● Task material
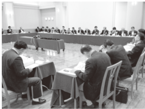
【11.15[金] 全国高校野球OBクラブ連合総会】
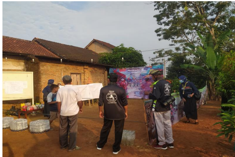
Gambar 2.5 Perlombaan di pasar kreatif warung macan
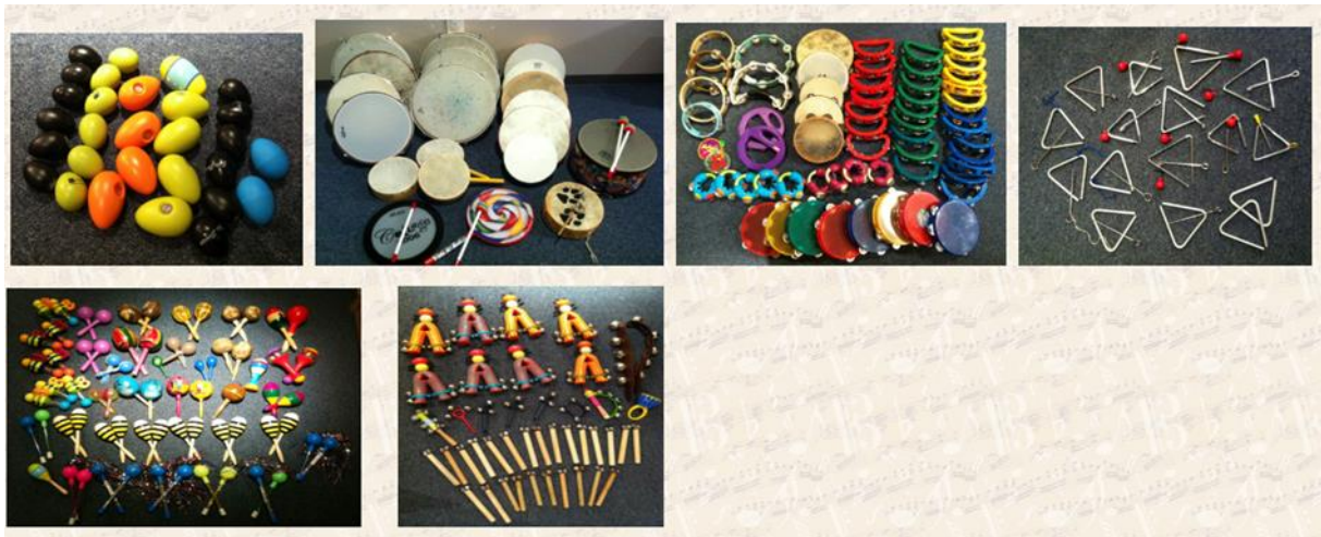
Slika 2. Glazbeni instrumenti Orffova intrumentarija
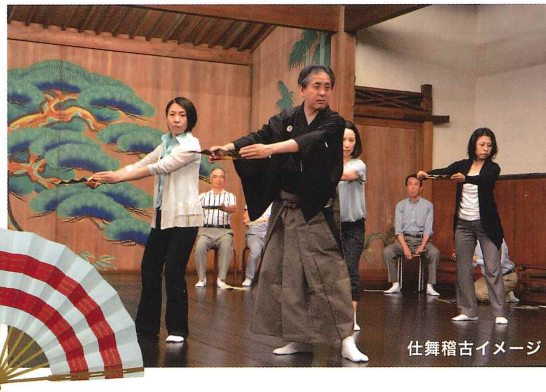
仕舞稽古イメージ
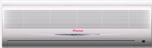
Серия Breeze: 5, 7, 9, 12, 18, 24 кВт

● What is needed
Please retype the whole of the data precisely, omitting pictures.

● Response
【11.15[金] 全国高校野球OBクラブ連合総会】
Gambar 2.5 Perlombaan di pasar kreatif warung macan
Slika 2. Glazbeni instrumenti Orffova intrumentarija
仕舞稽古イメージ
Серия Breeze: 5, 7, 9, 12, 18, 24 кВт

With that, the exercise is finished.